Traditional medicine also called complementary medicine or alternative medicine is widely used up to 80% by the population in developing countries for primary health care unlike developed countries where this therapy is used mainly for preventive or palliative care [5].

However, this therapy is responsible for several complications that can be life-threatening, particularly in the renal area. Acute renal failure (ARF) linked to herbal medicine represents 35% in Africa and remains under-diagnosed due to the lack of appropriate diagnostic means, the absence of case notification, the absence of patient reporting to the clinical ... [1-5].

This acute renal damage is favored by several factors including the fact that

a. These unconventional preparations rarely meet the essential standards required for consistency in composition and biological activity; [6]
b. These herbal preparations can be contaminated with pesticides and heavy metals;
c. An error in the identification of plants can also occur; [7]
d. Interaction with a drug administered to the patient concomitantly; [1]
e.

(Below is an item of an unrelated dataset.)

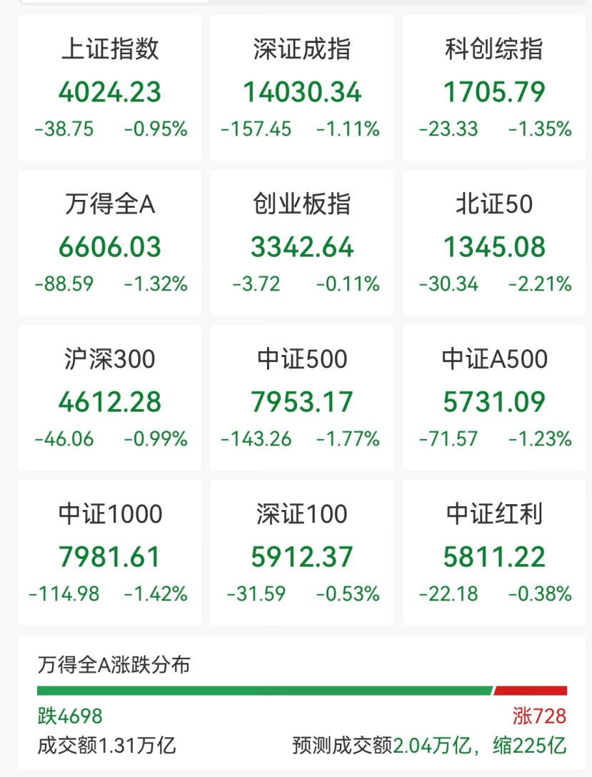 范畴午间收盘,沪指跌0.95%,深证成指跌1.11%,创业板指跌0.11%,科创综指跌1.35%。
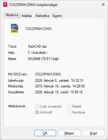 Az operációs rendszerből származó, csak olvasható információt jelenít meg a rajzfájlról.

An association with an unidentified plant species. [7]

Traditional remedies have rarely been analysed and we know little about their nephrotoxicity, however some studies have made it possible to elucidate this phenomenon and these reports of renal damage induced by phototherapy can result either from a direct nephrotoxicity of the product, which may be increased by underlying predisposing conditions such as dehydration from either indirect nephrotoxicity or kidney damage is an indirect consequence of this product or through interaction with another drug. [8]

This nephrotoxicity can manifest itself by all forms of renal damage ranging from pre-renal AK to obstructive AK but also hydro-electrolytic disorders

Pre-renal involvement is found in 26.9% [9] and is represented by functional AKI which can result from dehydration caused by vomiting, which is found in the majority of series and represents 51.5% in a South African study [8] and are found in our patient or diarrhea related to the ingestion of this herbal medicine [8] .

Organic renal involvement can affect all tunics, but tubulointerstitial involvement is the most common. Acute tubular necrosis accounts for 26.9% [8] of toxic origin or complicating functional ARI, as was probably the case in our patients, remains the most common disease. Alongside we can find acute interstitial nephritis, papillary necrosis, cortical necrosis [6]. Ionic disorders are very common, dominated by hyperkalemia, as was the case in our patient [9]

For acute renal post-renal failure, kidney stones are classically described as a potential cause, for example an observation has been reported in a patient who had consumed the star fruit which is a source of oxalate [10].The evolution of renal involvement is most often formidable with a high mortality of around 45.5%, especially in Africa [6] linked to complications of renal failure and the nonavailability always of extra-renal purification means. Sometimes the evolution can be favourable with or without extra-renal purification with recovery of renal function after a few weeks as was the case in several observations [10] and in our patients.


The myth of the safety of herbal remedies must be challenged. The information must concern the medical community and the general population. In developing countries, where the majority of the population does not have access to health care, it would be of great interest to continue the inventory of medicinal plants and to assess their activity on the kidneys.